Print, from the listing below, the lines starting at the line containing "这是2023年11月26日在土库曼斯坦阿尔卡达格拍摄的电动公交车。新华社记者 曹阳 摄" and ending at the line containing "The Daily SuDoku: Mon 8-Feb-2010", exactly as they stand, and print nothing else.

= Data =

--

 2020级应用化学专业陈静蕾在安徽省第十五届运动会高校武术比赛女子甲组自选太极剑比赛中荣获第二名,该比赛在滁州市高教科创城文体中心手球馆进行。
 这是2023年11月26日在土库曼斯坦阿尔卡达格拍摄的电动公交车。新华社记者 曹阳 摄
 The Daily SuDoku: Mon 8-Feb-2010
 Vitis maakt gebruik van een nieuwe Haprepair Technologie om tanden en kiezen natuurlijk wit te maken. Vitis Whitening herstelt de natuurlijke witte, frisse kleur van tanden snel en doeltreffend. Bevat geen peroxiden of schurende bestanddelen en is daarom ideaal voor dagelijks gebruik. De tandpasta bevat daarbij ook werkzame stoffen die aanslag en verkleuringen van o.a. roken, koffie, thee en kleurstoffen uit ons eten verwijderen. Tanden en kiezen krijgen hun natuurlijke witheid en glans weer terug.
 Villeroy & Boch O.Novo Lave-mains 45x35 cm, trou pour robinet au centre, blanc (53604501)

--

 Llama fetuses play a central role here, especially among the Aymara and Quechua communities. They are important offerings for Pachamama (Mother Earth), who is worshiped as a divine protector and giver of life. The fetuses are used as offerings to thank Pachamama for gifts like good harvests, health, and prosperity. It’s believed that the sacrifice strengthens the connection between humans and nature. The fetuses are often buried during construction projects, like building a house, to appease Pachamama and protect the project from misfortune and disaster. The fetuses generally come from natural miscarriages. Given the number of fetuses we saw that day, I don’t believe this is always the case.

--

= Task answer =
 这是2023年11月26日在土库曼斯坦阿尔卡达格拍摄的电动公交车。新华社记者 曹阳 摄
 The Daily SuDoku: Mon 8-Feb-2010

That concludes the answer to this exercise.